### About this task
What follows is a set of records; repeat them exactly, without the pictures.

### Materials provided

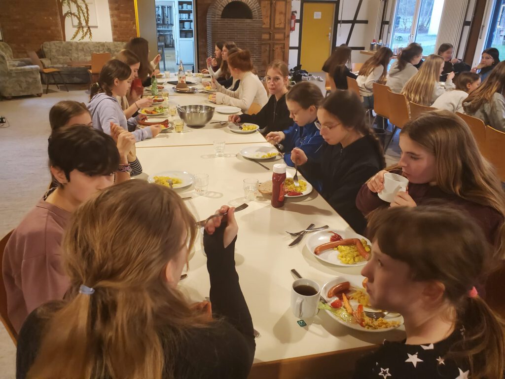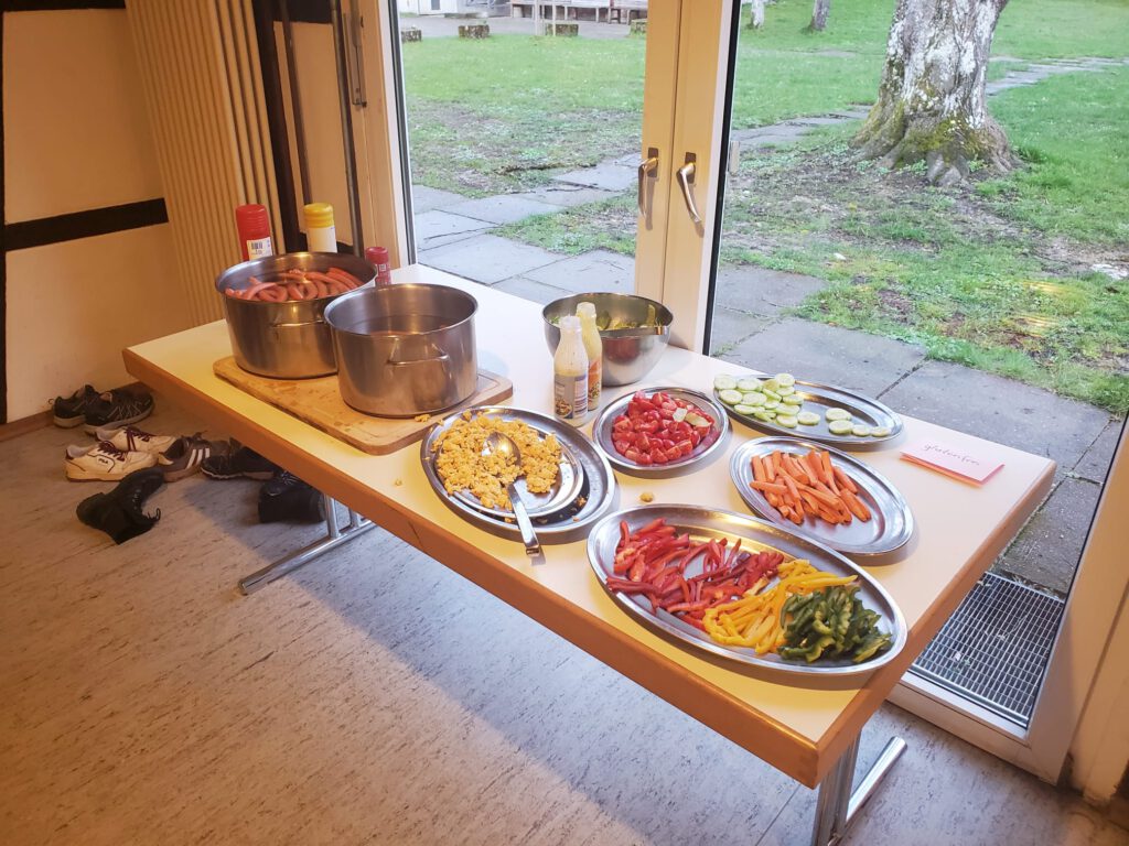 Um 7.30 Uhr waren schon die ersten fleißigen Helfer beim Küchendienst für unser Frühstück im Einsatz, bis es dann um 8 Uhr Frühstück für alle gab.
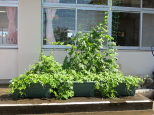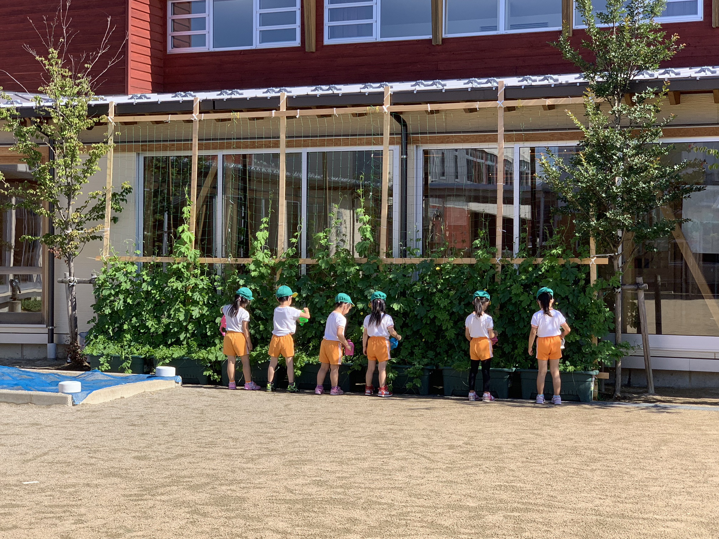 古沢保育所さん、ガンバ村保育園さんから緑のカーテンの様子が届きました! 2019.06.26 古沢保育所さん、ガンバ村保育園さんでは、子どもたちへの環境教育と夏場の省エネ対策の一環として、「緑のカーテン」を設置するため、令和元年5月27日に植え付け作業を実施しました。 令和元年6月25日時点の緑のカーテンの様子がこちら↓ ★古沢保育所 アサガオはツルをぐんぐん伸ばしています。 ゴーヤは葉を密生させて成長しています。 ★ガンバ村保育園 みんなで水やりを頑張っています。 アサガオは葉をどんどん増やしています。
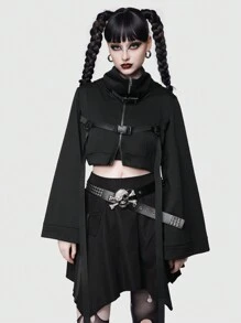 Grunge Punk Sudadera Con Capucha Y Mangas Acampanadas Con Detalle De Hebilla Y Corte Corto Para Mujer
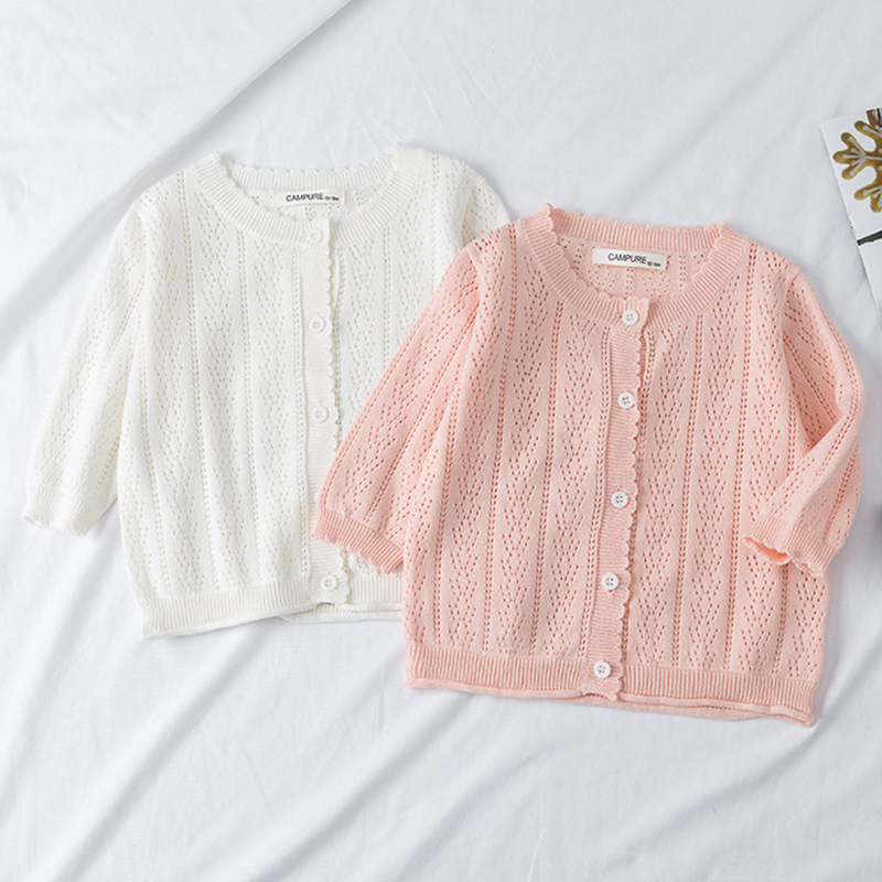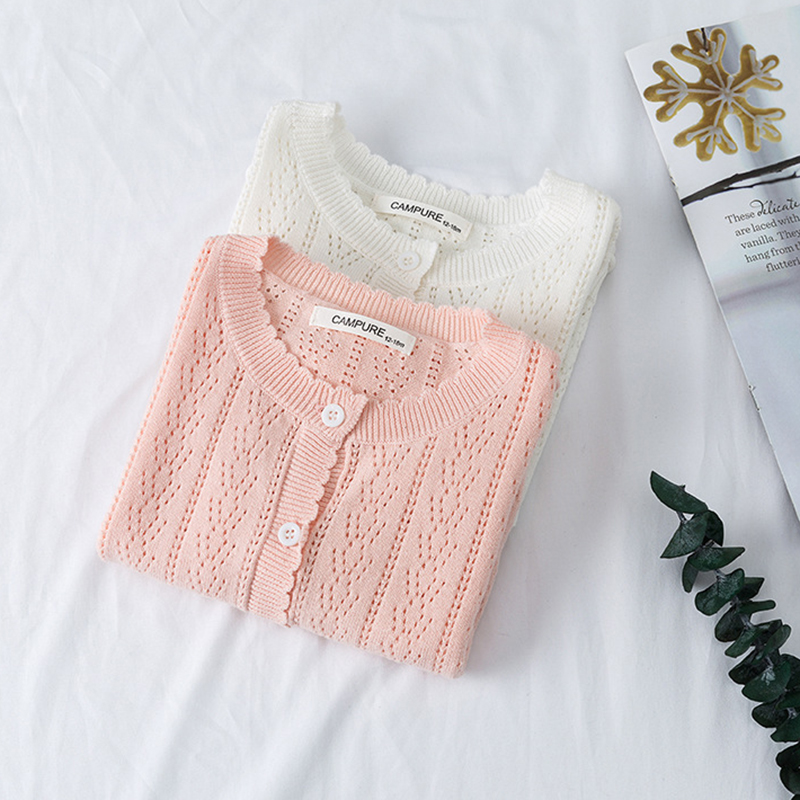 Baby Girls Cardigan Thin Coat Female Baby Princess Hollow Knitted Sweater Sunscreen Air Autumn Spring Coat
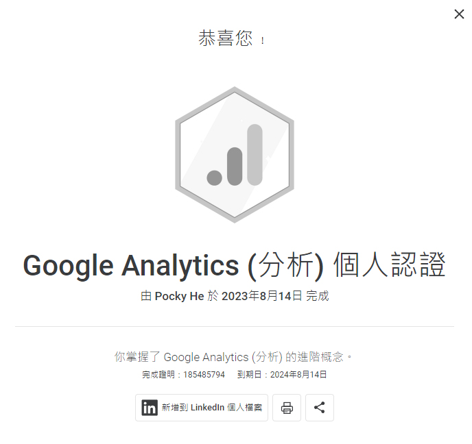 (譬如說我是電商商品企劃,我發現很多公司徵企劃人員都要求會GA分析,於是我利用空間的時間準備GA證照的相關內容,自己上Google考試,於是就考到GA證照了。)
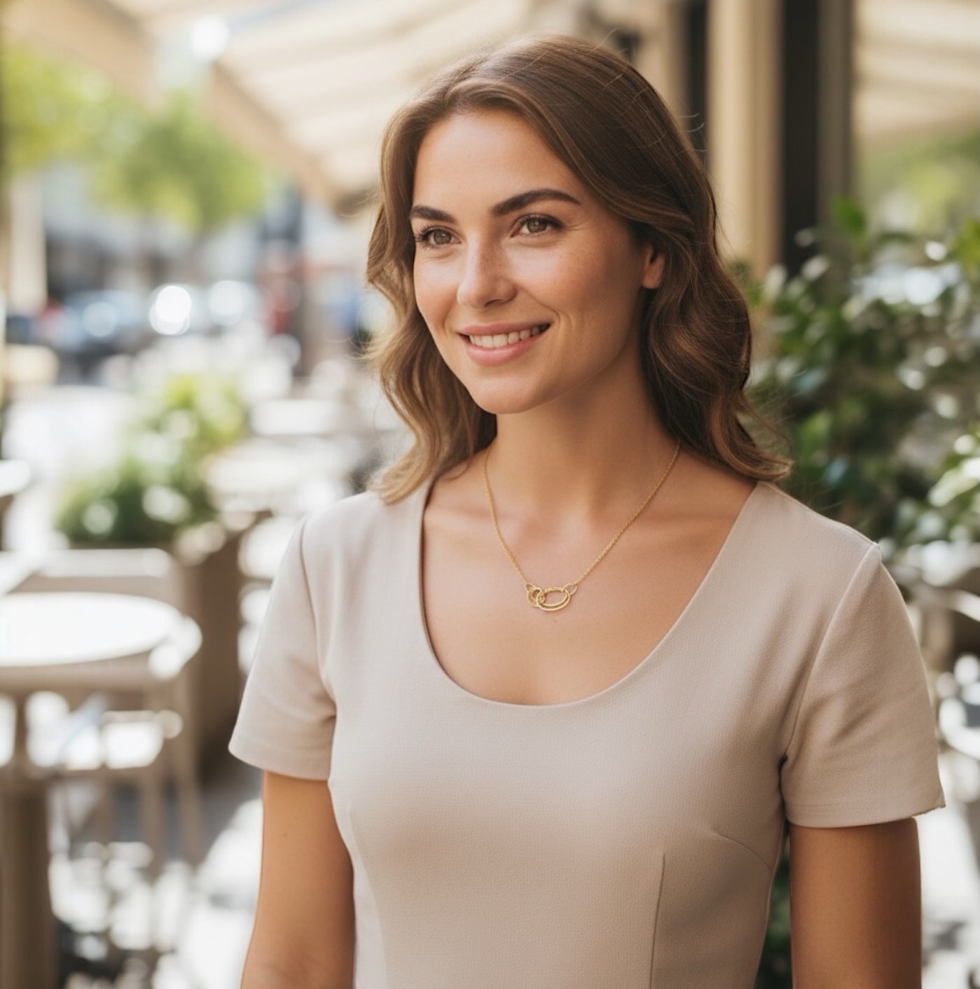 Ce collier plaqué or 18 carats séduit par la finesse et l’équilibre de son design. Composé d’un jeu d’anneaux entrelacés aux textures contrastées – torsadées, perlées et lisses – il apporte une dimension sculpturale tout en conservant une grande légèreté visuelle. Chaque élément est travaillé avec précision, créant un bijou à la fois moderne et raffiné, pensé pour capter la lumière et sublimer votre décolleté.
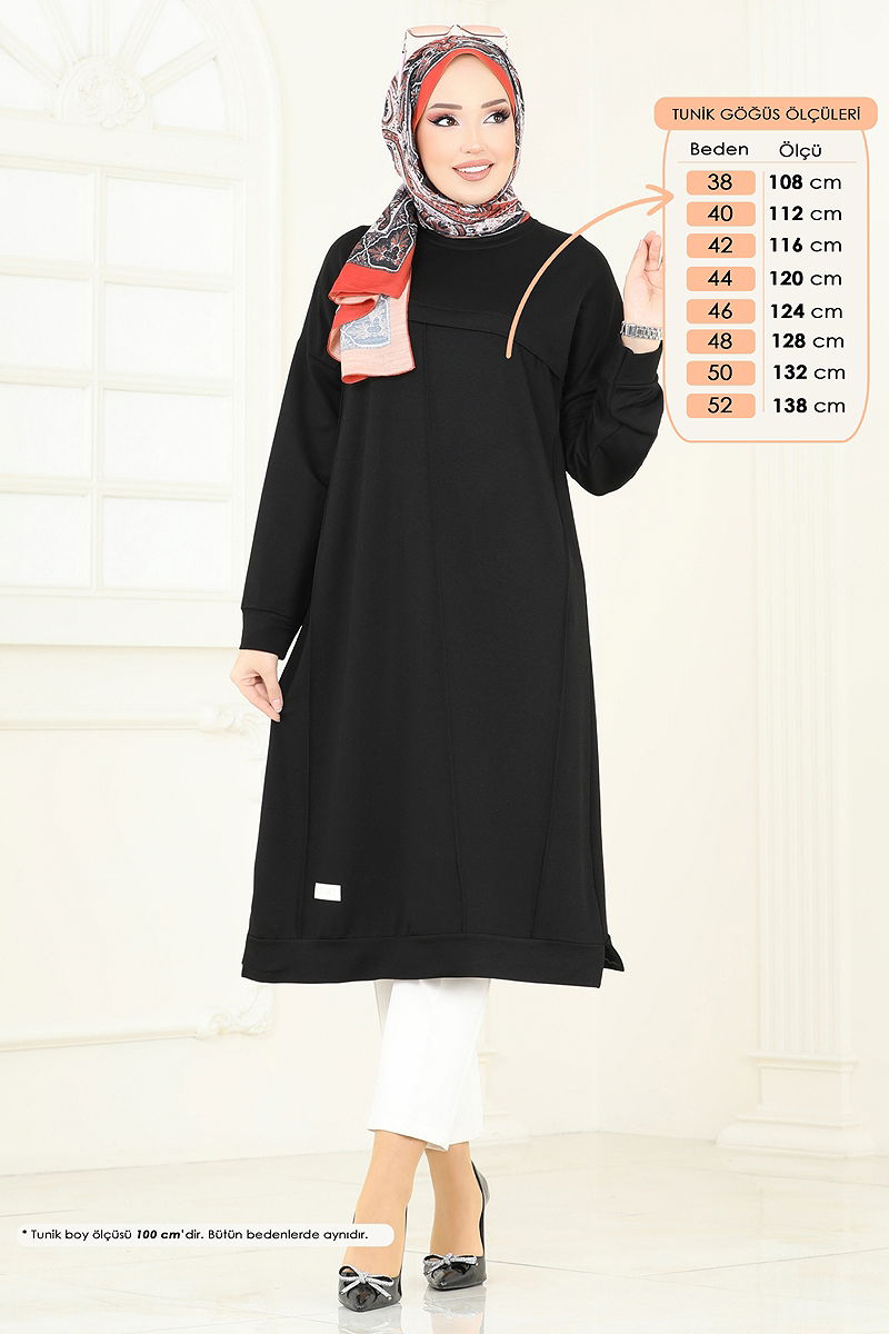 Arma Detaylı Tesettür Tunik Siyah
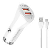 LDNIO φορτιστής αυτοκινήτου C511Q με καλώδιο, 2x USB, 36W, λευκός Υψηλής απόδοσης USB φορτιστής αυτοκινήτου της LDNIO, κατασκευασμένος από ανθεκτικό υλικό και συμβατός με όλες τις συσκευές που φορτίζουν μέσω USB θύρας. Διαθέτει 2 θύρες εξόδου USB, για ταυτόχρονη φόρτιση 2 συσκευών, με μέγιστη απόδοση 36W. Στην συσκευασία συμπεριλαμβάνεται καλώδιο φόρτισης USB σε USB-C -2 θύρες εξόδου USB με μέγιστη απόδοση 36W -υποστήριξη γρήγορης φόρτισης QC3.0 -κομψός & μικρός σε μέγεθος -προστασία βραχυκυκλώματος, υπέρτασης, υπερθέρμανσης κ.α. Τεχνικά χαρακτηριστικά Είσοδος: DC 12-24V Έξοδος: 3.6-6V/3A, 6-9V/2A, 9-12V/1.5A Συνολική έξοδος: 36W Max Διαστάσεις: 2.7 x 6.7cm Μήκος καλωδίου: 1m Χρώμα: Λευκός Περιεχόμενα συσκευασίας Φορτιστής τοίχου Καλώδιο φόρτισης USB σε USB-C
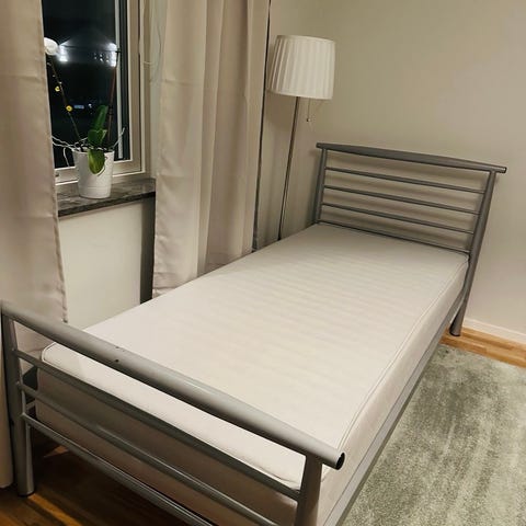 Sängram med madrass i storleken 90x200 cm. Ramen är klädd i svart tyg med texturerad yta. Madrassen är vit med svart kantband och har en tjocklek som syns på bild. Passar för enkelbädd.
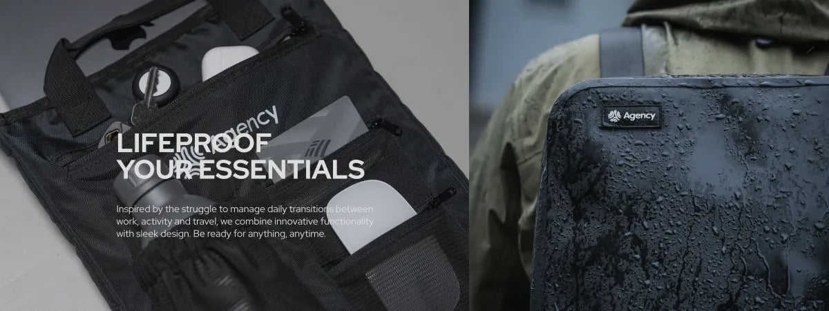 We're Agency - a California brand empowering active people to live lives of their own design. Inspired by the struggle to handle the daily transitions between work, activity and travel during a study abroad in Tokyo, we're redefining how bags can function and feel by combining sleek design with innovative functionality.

### Answer space
 Um 7.30 Uhr waren schon die ersten fleißigen Helfer beim Küchendienst für unser Frühstück im Einsatz, bis es dann um 8 Uhr Frühstück für alle gab.
 古沢保育所さん、ガンバ村保育園さんから緑のカーテンの様子が届きました! 2019.06.26 古沢保育所さん、ガンバ村保育園さんでは、子どもたちへの環境教育と夏場の省エネ対策の一環として、「緑のカーテン」を設置するため、令和元年5月27日に植え付け作業を実施しました。 令和元年6月25日時点の緑のカーテンの様子がこちら↓ ★古沢保育所 アサガオはツルをぐんぐん伸ばしています。 ゴーヤは葉を密生させて成長しています。 ★ガンバ村保育園 みんなで水やりを頑張っています。 アサガオは葉をどんどん増やしています。
 Grunge Punk Sudadera Con Capucha Y Mangas Acampanadas Con Detalle De Hebilla Y Corte Corto Para Mujer
 Baby Girls Cardigan Thin Coat Female Baby Princess Hollow Knitted Sweater Sunscreen Air Autumn Spring Coat
 (譬如說我是電商商品企劃,我發現很多公司徵企劃人員都要求會GA分析,於是我利用空間的時間準備GA證照的相關內容,自己上Google考試,於是就考到GA證照了。)
 Ce collier plaqué or 18 carats séduit par la finesse et l’équilibre de son design. Composé d’un jeu d’anneaux entrelacés aux textures contrastées – torsadées, perlées et lisses – il apporte une dimension sculpturale tout en conservant une grande légèreté visuelle. Chaque élément est travaillé avec précision, créant un bijou à la fois moderne et raffiné, pensé pour capter la lumière et sublimer votre décolleté.
 Arma Detaylı Tesettür Tunik Siyah
 LDNIO φορτιστής αυτοκινήτου C511Q με καλώδιο, 2x USB, 36W, λευκός Υψηλής απόδοσης USB φορτιστής αυτοκινήτου της LDNIO, κατασκευασμένος από ανθεκτικό υλικό και συμβατός με όλες τις συσκευές που φορτίζουν μέσω USB θύρας. Διαθέτει 2 θύρες εξόδου USB, για ταυτόχρονη φόρτιση 2 συσκευών, με μέγιστη απόδοση 36W. Στην συσκευασία συμπεριλαμβάνεται καλώδιο φόρτισης USB σε USB-C -2 θύρες εξόδου USB με μέγιστη απόδοση 36W -υποστήριξη γρήγορης φόρτισης QC3.0 -κομψός & μικρός σε μέγεθος -προστασία βραχυκυκλώματος, υπέρτασης, υπερθέρμανσης κ.α. Τεχνικά χαρακτηριστικά Είσοδος: DC 12-24V Έξοδος: 3.6-6V/3A, 6-9V/2A, 9-12V/1.5A Συνολική έξοδος: 36W Max Διαστάσεις: 2.7 x 6.7cm Μήκος καλωδίου: 1m Χρώμα: Λευκός Περιεχόμενα συσκευασίας Φορτιστής τοίχου Καλώδιο φόρτισης USB σε USB-C
 Sängram med madrass i storleken 90x200 cm. Ramen är klädd i svart tyg med texturerad yta. Madrassen är vit med svart kantband och har en tjocklek som syns på bild. Passar för enkelbädd.
 We're Agency - a California brand empowering active people to live lives of their own design. Inspired by the struggle to handle the daily transitions between work, activity and travel during a study abroad in Tokyo, we're redefining how bags can function and feel by combining sleek design with innovative functionality.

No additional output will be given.